Conclusions from the Study

The data reported by Koscielny et al[36] illustrate several important issues: (1) acquired platelet function defects are more frequent in clinical practice than generally believed; (2) in the majority of cases, platelet dysfunction is drug-induced; (3) among congenital hemostatic disorders, VWD must not be underestimated; and (4) “pure” coagulation defects, as documented here (in 2 of 256 patients), are less frequent in unselected adult subjects than commonly estimated.[37] [38]


#

Consequences

Accordingly, screening for primary hemostasis defects requires indeed useful laboratory tools, as demonstrated by the PFA technique.
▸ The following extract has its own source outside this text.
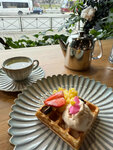 Сегодня завтракала в данном ресторане, брали вафли с мортаделлой и круассан с лососем , очень вкусно и довольно сытно, на вид тоже очень круто. Так же брали десерты фундук, очень вкусный и нежный и оливье, начинка в нём довольно вкусная, но на любителя, так же чизкейк баскский он был тоже очень нежным и вкусным. Так же был очень вкусный кофе, довольно крепкий в меру. Ожидали недолго.Местоположение идеальное, вид из окна топовый. Атмосфера в этом месте особенная, много разных украшений. Был очень добрый и отзывчивый официант Софья, предложила воды пока будут готовить блюда, спросила когда выносить напитки, спросила все ли нам понравилось, персонал улыбчивый и добрый. Лучшее место!

Testing of closure times is particularly sensitive to VWF anomalies[11] [39] and has largely replaced the determination of the in vivo bleeding time by the susceptible and poorly reproducible Ivy method (Simplate I or II device). Albeit trivial, the widespread practice of platelet counting and coagulation screening (by baseline assays of “step 1”, as indicated earlier) is entirely inappropriate to identify individuals with platelet dysfunction due to an acquired platelet defect and/or inherited VWD.[37] [38]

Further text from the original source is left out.